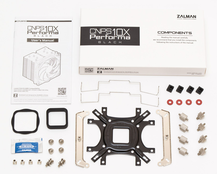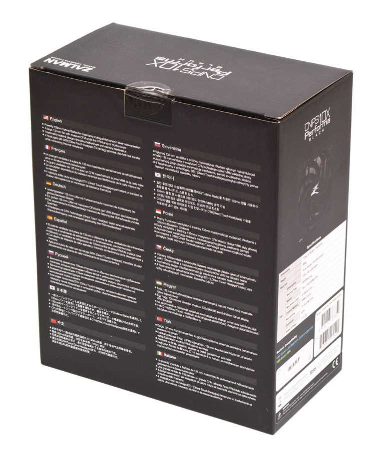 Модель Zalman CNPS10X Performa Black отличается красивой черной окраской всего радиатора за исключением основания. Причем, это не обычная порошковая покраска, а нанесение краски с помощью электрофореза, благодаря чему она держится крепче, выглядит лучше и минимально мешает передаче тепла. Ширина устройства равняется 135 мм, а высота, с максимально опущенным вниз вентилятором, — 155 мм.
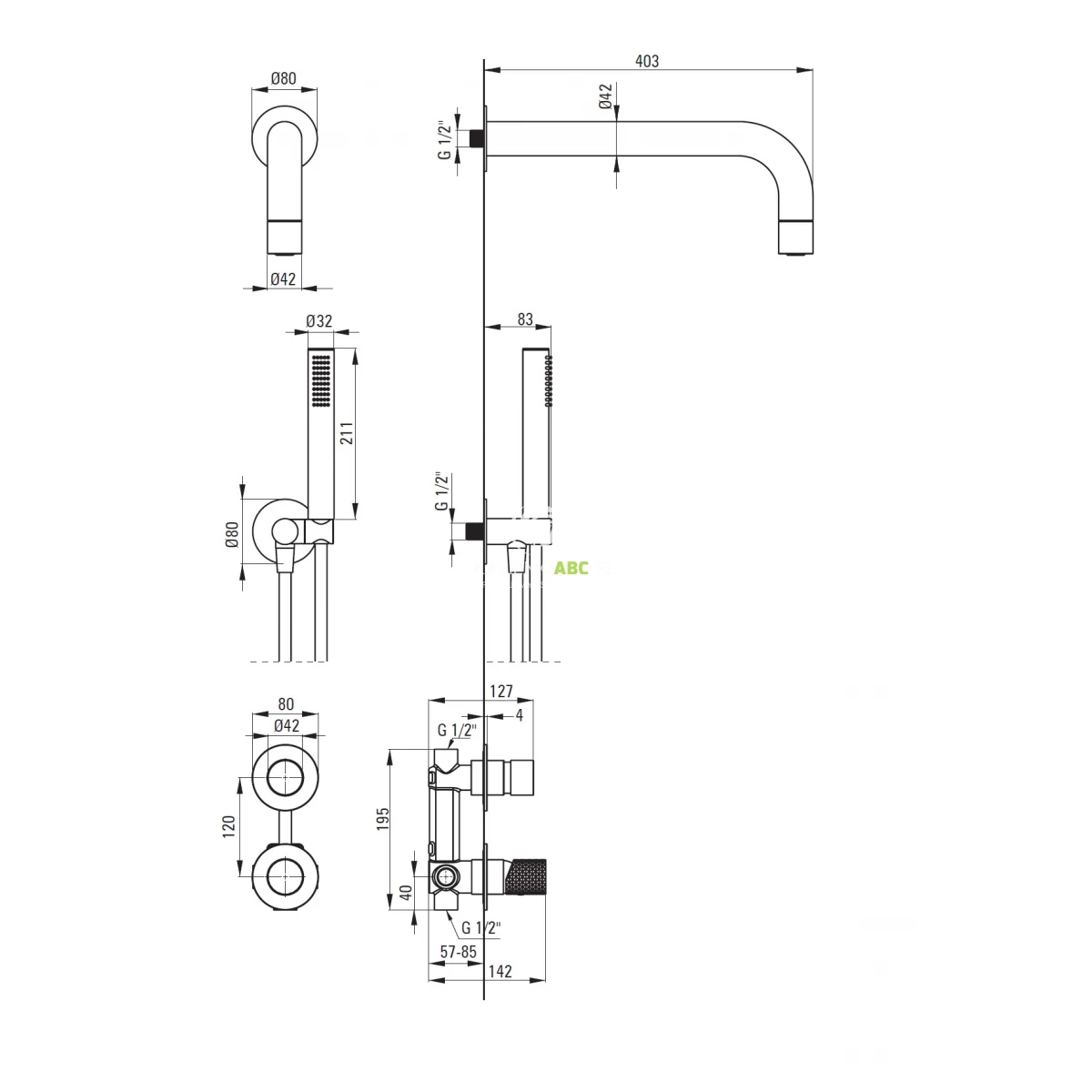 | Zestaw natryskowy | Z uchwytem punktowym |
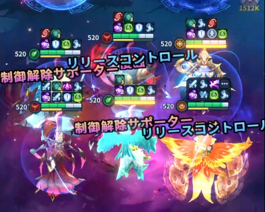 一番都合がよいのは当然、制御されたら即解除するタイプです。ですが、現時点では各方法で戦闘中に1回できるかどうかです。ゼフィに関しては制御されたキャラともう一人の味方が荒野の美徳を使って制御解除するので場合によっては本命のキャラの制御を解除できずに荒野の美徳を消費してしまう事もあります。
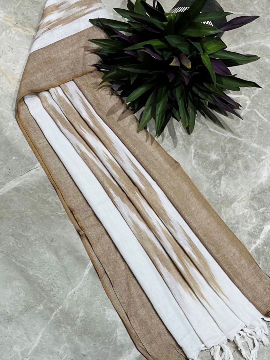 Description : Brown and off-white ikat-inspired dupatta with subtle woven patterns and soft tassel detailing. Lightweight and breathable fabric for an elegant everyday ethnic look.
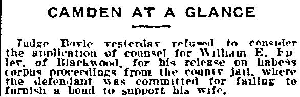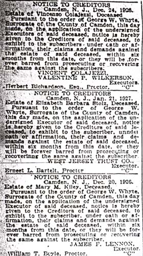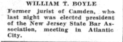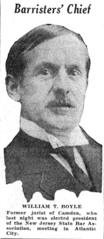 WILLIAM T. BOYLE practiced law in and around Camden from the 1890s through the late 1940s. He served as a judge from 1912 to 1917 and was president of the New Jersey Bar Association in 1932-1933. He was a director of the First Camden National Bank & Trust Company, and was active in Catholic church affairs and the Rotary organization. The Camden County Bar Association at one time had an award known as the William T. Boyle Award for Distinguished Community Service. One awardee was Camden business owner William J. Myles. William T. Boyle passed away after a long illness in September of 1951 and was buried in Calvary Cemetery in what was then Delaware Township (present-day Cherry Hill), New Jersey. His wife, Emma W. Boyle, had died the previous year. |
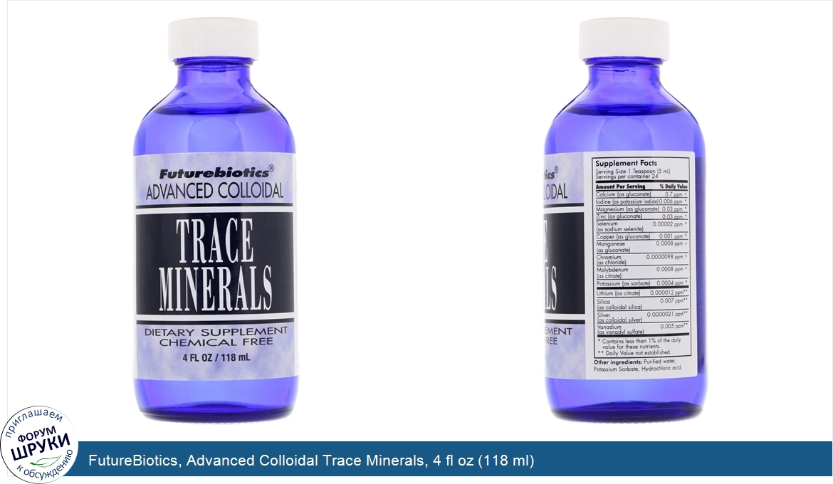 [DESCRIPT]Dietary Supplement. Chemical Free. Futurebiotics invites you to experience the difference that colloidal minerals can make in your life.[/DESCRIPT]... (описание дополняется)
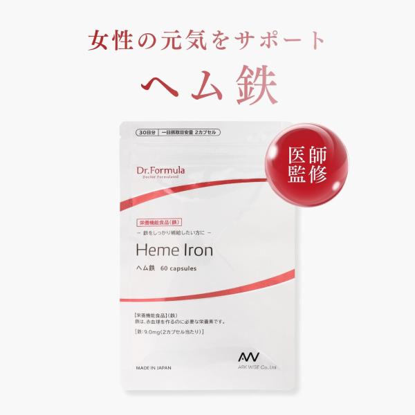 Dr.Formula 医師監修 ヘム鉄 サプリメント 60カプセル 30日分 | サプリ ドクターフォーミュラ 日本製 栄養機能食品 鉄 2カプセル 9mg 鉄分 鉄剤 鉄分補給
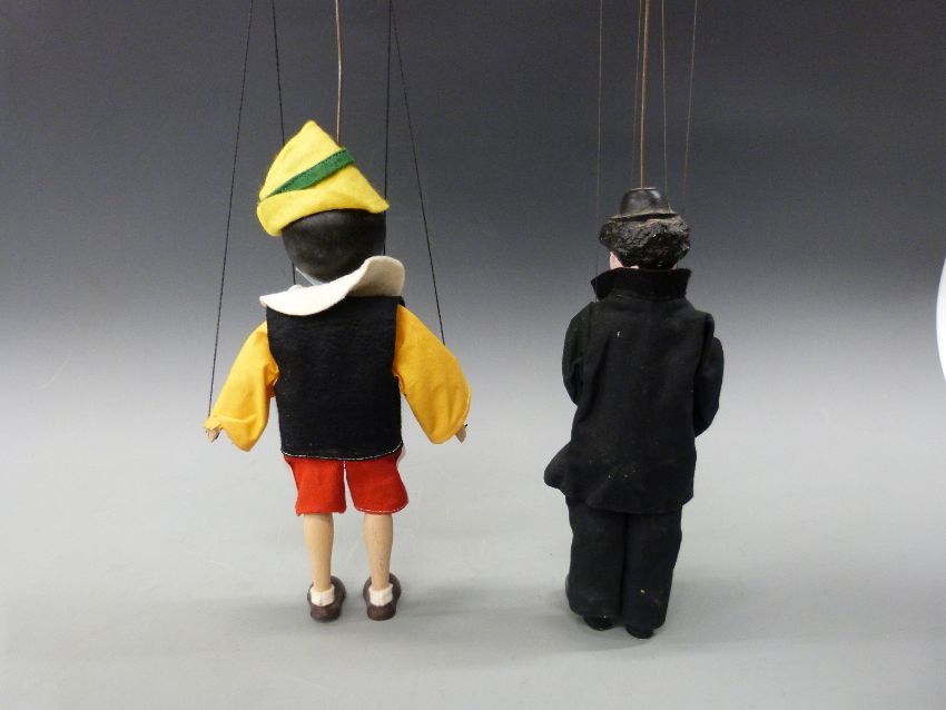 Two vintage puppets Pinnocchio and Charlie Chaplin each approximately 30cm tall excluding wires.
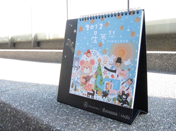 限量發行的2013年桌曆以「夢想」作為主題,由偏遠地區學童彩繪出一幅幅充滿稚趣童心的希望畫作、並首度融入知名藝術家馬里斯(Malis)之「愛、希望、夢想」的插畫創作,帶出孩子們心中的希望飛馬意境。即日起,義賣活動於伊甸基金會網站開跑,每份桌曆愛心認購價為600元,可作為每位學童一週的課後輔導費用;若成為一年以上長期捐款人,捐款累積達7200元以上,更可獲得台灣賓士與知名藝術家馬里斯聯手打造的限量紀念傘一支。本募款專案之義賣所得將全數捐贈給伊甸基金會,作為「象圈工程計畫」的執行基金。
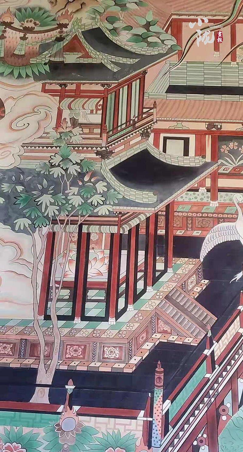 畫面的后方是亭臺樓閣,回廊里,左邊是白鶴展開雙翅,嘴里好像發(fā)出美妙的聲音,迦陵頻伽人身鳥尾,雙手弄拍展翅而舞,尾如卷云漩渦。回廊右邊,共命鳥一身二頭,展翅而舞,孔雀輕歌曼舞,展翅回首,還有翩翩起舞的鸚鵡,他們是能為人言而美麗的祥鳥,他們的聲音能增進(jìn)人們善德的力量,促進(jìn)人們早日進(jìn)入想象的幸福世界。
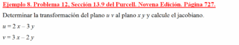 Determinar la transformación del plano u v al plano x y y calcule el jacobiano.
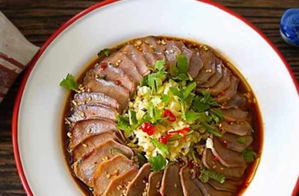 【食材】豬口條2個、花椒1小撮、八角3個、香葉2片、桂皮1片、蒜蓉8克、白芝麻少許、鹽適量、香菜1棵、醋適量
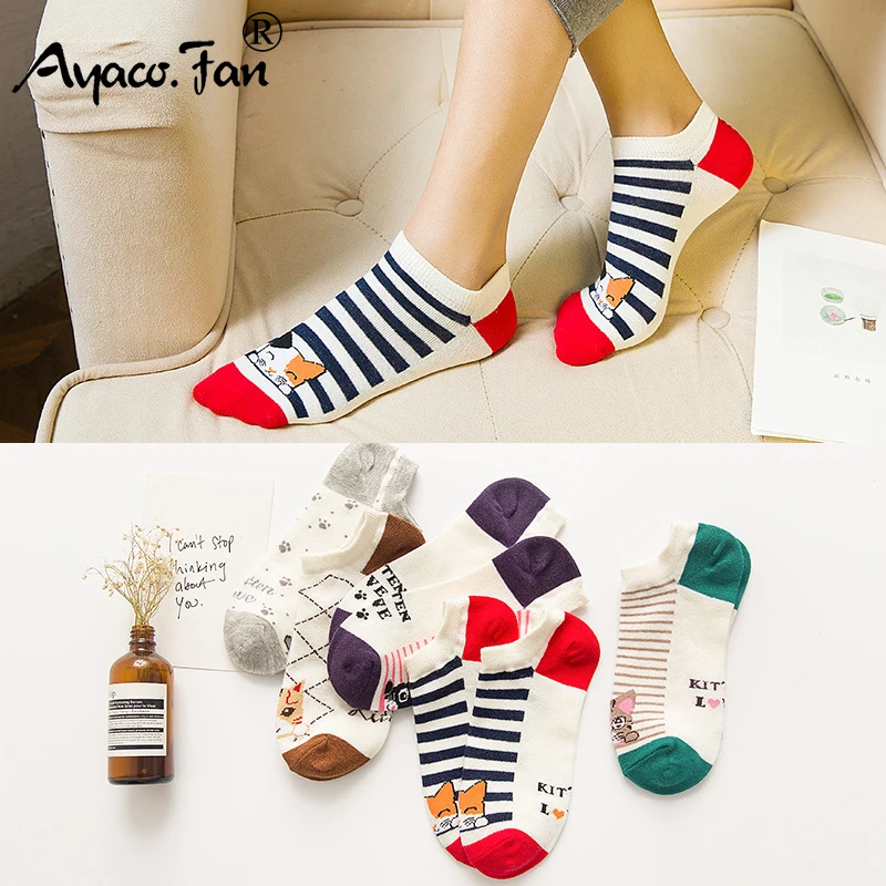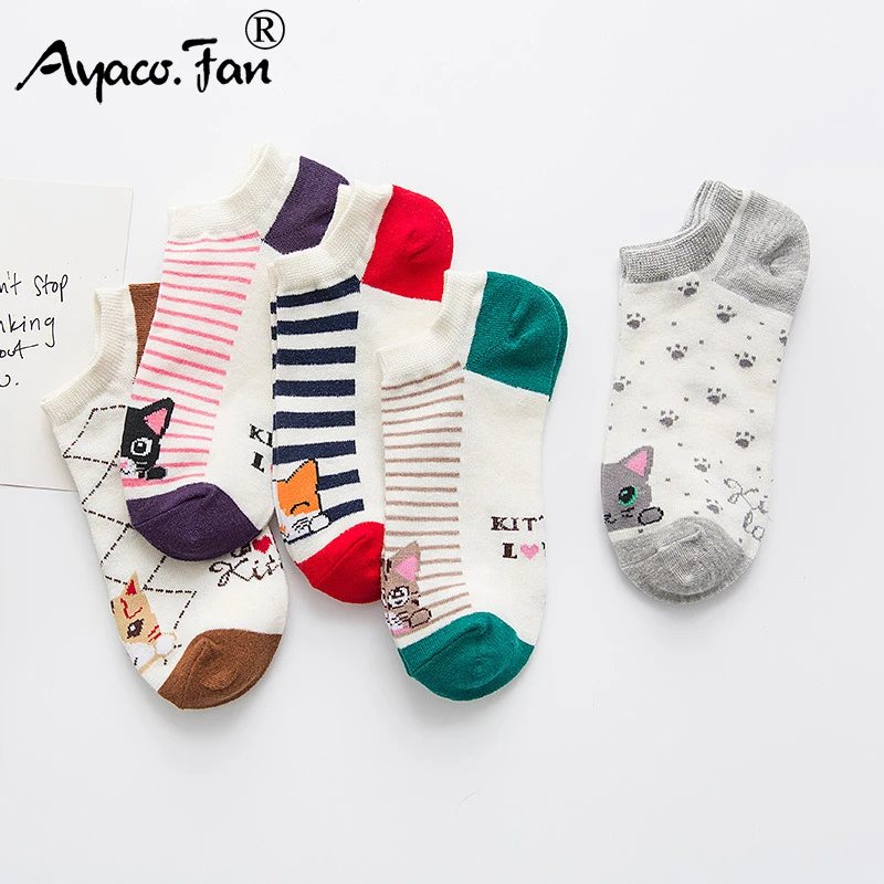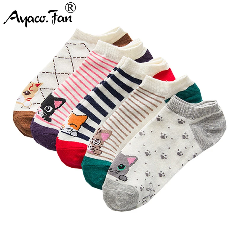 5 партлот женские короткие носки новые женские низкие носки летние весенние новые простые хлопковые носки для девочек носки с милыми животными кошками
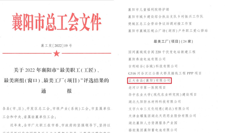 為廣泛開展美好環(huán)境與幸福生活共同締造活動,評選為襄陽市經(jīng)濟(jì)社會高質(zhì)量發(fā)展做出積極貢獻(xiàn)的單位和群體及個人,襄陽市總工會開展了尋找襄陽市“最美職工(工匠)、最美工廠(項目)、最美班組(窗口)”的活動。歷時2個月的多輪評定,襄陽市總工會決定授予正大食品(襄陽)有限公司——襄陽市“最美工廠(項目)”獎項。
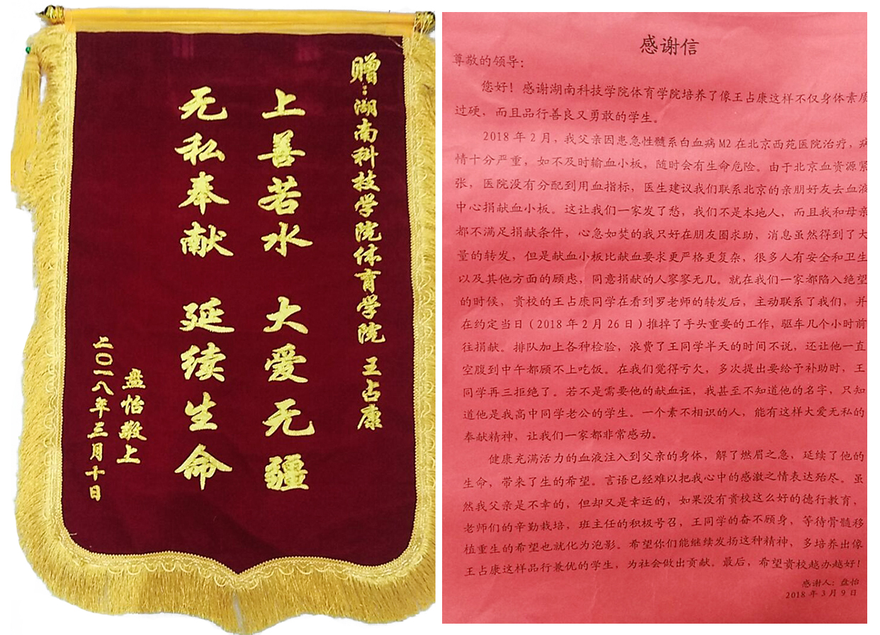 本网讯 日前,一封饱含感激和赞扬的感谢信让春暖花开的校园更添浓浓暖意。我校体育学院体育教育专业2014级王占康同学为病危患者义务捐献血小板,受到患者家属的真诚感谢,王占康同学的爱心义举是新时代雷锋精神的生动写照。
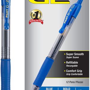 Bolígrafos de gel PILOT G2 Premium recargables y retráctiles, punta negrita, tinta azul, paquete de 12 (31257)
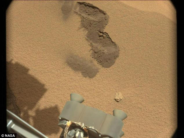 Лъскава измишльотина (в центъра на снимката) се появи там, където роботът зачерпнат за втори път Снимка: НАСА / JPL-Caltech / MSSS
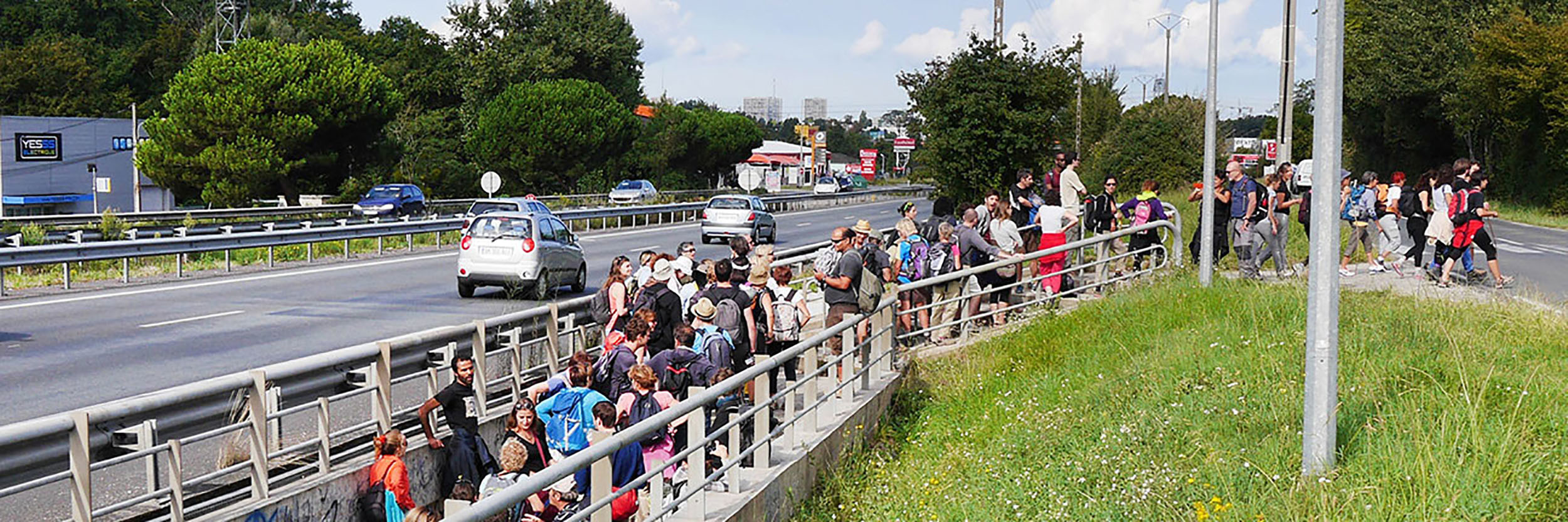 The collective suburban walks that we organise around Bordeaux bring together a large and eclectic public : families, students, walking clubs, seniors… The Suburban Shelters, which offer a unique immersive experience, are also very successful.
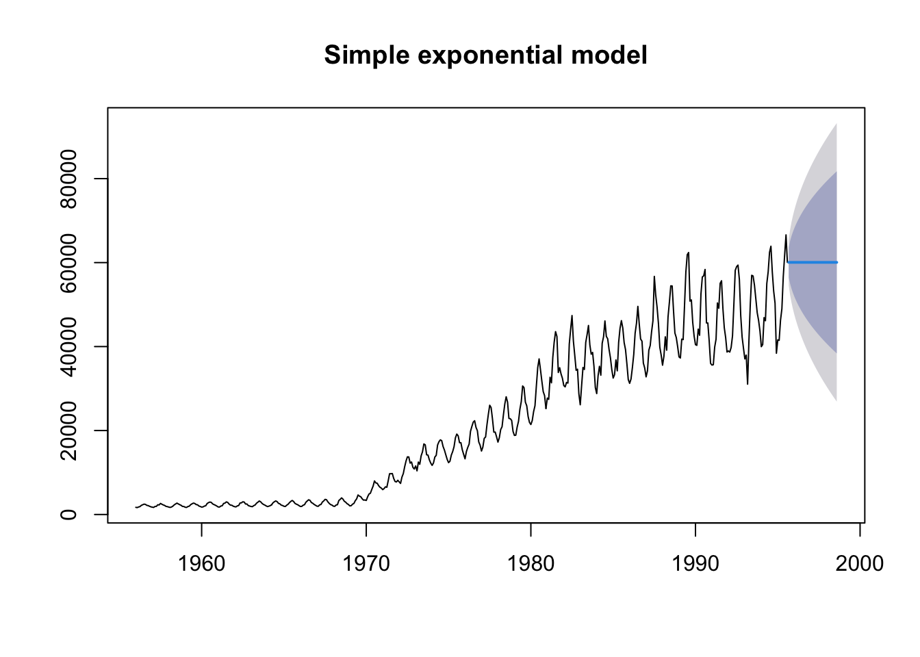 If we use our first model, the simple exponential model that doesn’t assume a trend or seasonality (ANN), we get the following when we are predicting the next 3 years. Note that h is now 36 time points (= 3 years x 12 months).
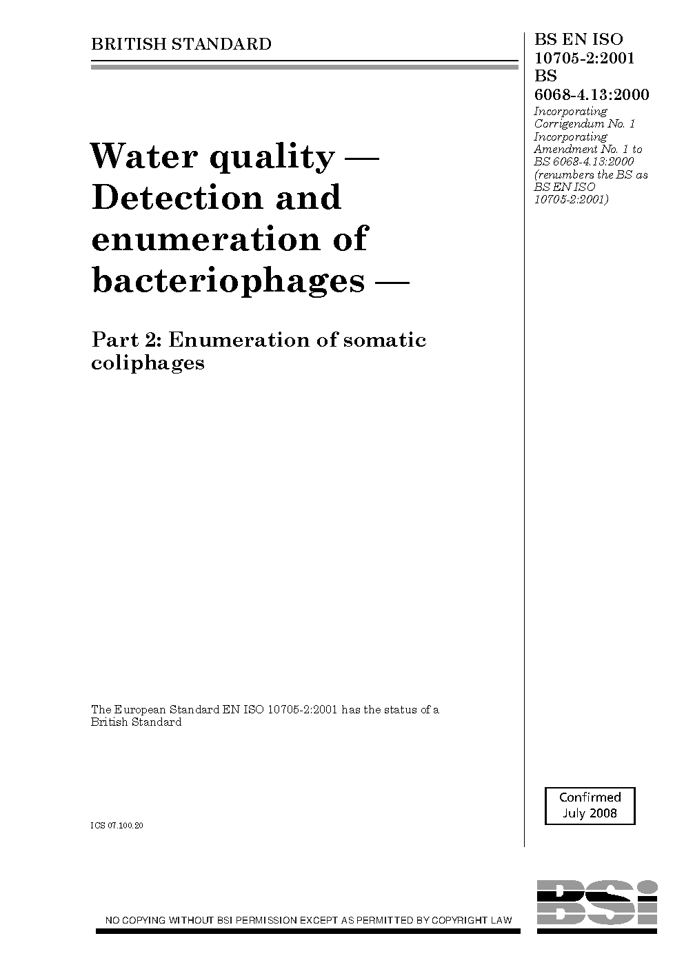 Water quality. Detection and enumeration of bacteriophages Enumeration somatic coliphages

* [Problem to work on]: Start with the line above containing "一番都合がよいのは当然、制御" and end with the line containing "Two vintage puppets". Set down that stretch exactly, without any pictures.

* [Result]:
 一番都合がよいのは当然、制御されたら即解除するタイプです。ですが、現時点では各方法で戦闘中に1回できるかどうかです。ゼフィに関しては制御されたキャラともう一人の味方が荒野の美徳を使って制御解除するので場合によっては本命のキャラの制御を解除できずに荒野の美徳を消費してしまう事もあります。
 Description : Brown and off-white ikat-inspired dupatta with subtle woven patterns and soft tassel detailing. Lightweight and breathable fabric for an elegant everyday ethnic look.
 WILLIAM T. BOYLE practiced law in and around Camden from the 1890s through the late 1940s. He served as a judge from 1912 to 1917 and was president of the New Jersey Bar Association in 1932-1933. He was a director of the First Camden National Bank & Trust Company, and was active in Catholic church affairs and the Rotary organization. The Camden County Bar Association at one time had an award known as the William T. Boyle Award for Distinguished Community Service. One awardee was Camden business owner William J. Myles. William T. Boyle passed away after a long illness in September of 1951 and was buried in Calvary Cemetery in what was then Delaware Township (present-day Cherry Hill), New Jersey. His wife, Emma W. Boyle, had died the previous year. |
 [DESCRIPT]Dietary Supplement. Chemical Free. Futurebiotics invites you to experience the difference that colloidal minerals can make in your life.[/DESCRIPT]... (описание дополняется)
 Dr.Formula 医師監修 ヘム鉄 サプリメント 60カプセル 30日分 | サプリ ドクターフォーミュラ 日本製 栄養機能食品 鉄 2カプセル 9mg 鉄分 鉄剤 鉄分補給
 Two vintage puppets Pinnocchio and Charlie Chaplin each approximately 30cm tall excluding wires.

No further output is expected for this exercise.